Phuc Nguyen, Ting Liu|arXiv (Cornell University)|Dec 14, 2017
Human Pose and Action Recognition参考文献 46被引用 53
一句话总结

论文提出 Sparse Temporal Pooling Network (STPN),一种弱监督方法,利用视频级标签和稀疏驱动的注意力机制,在未裁剪视频中定位动作,通过 Temporal Class Activation Maps (T-CAMs) 生成时序提案。

ABSTRACT

We propose a weakly supervised temporal action localization algorithm on untrimmed videos using convolutional neural networks. Our algorithm learns from video-level class labels and predicts temporal intervals of human actions with no requirement of temporal localization annotations. We design our network to identify a sparse subset of key segments associated with target actions in a video using an attention module and fuse the key segments through adaptive temporal pooling. Our loss function is comprised of two terms that minimize the video-level action classification error and enforce the sparsity of the segment selection. At inference time, we extract and score temporal proposals using temporal class activations and class-agnostic attentions to estimate the time intervals that correspond to target actions.
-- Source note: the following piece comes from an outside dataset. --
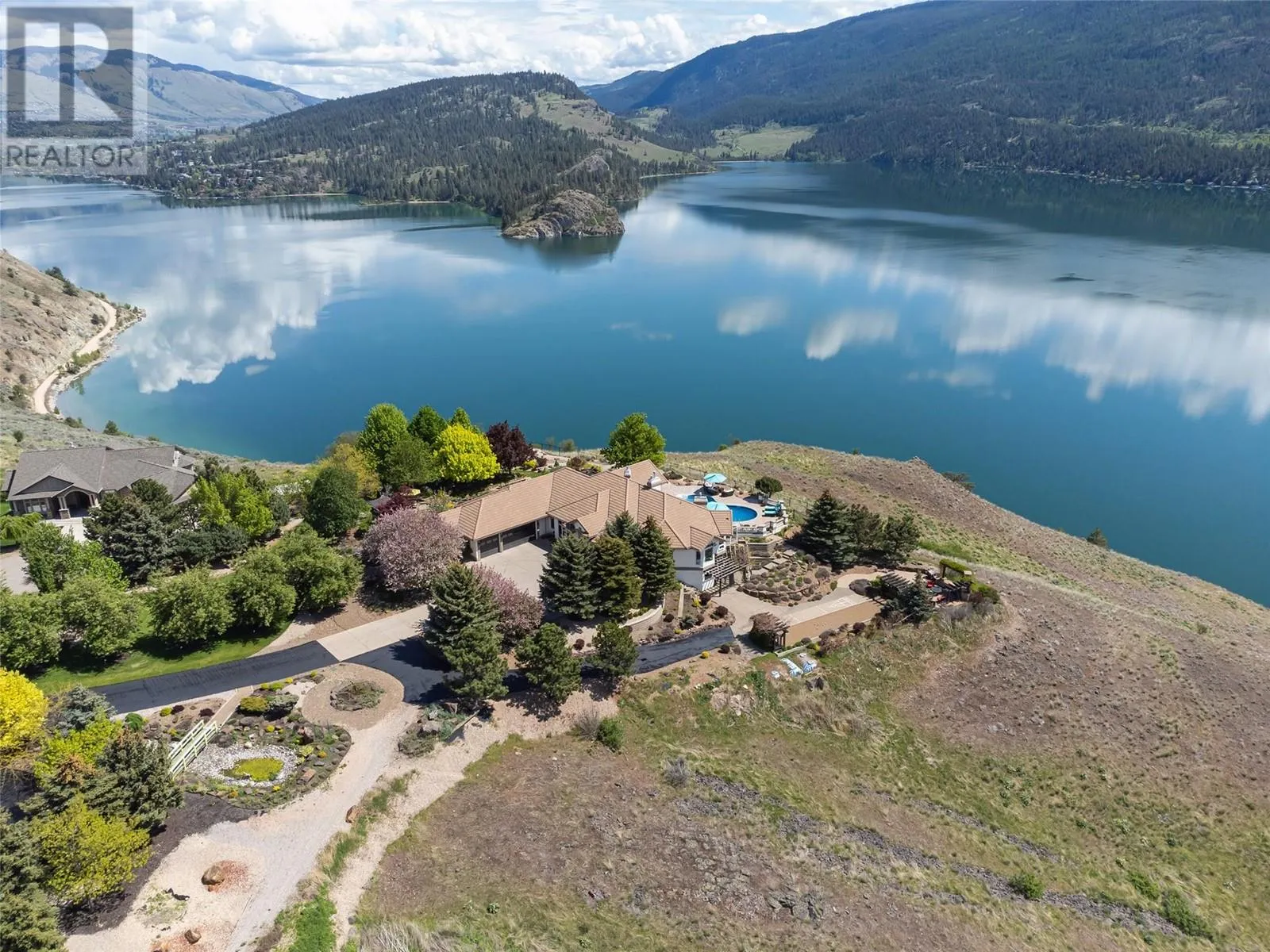 From the moment you arrive, breathtaking lake views and surroundings. A park like setting offering luxury and privacy with 180 degree unobstructed views of Kal Lake. Find yourself relaxing in many of the patio areas overlooking the lake. Sprawling 4 bed. 4 bath Rancher with views and patio doors in every bedroom. Tuscan inspired design

The proposed algorithm attains state-of-the-art results on the THUMOS14 dataset and outstanding performance on ActivityNet1.3 even with its weak supervision.

研究动机与目标

  • Motivate learning to localize actions in untrimmed videos using only video-level labels.
  • Develop a network that selects a sparse subset of key video segments for action recognition.
  • Fuse class-agnostic attentions with temporal class activations to propose action intervals.

提出的方法

  • Two-stream I3D feature extractors (RGB and flow) pretrained on Kinetics are used to represent video segments.
  • An attention module produces segment-level weights; a sparsity loss enforces a sparse selection of segments.
  • Video-level classification is performed via attention-weighted temporal pooling of segment features.
  • Temporal Class Activation Maps (T-CAMs) for each class are computed to form one-dimensional temporal proposals.
  • Weighted T-CAMs combine RGB and flow with a fusion parameter alpha to score proposals.
  • Non-maximum suppression is applied to temporal proposals per class.

实验结果

研究问题

  • RQ1Can actions in untrimmed videos be accurately localized using only video-level labels?
  • RQ2Does enforcing sparsity in segment selection improve weakly supervised action localization?
  • RQ3How effective are Temporal Class Activation Maps (T-CAMs) combined with class-agnostic attention for proposing action intervals?
  • RQ4What is the impact of using RGB, flow, or their combination for proposal scoring?

主要发现

  • STPN achieves state-of-the-art results among weakly supervised methods on THUMOS14.
  • On THUMOS14, STPN with UntrimmedNet features outperforms prior weakly supervised approaches.
  • On ActivityNet1.3, STPN shows competitive weakly supervised performance and surpasses some fully supervised baselines in certain settings.
  • Ablation studies show that both the attention mechanism and the sparsity loss substantially improve performance.
  • Two-stream (RGB+flow) features outperform single-modality results, with flow contributing stronger cues for localization.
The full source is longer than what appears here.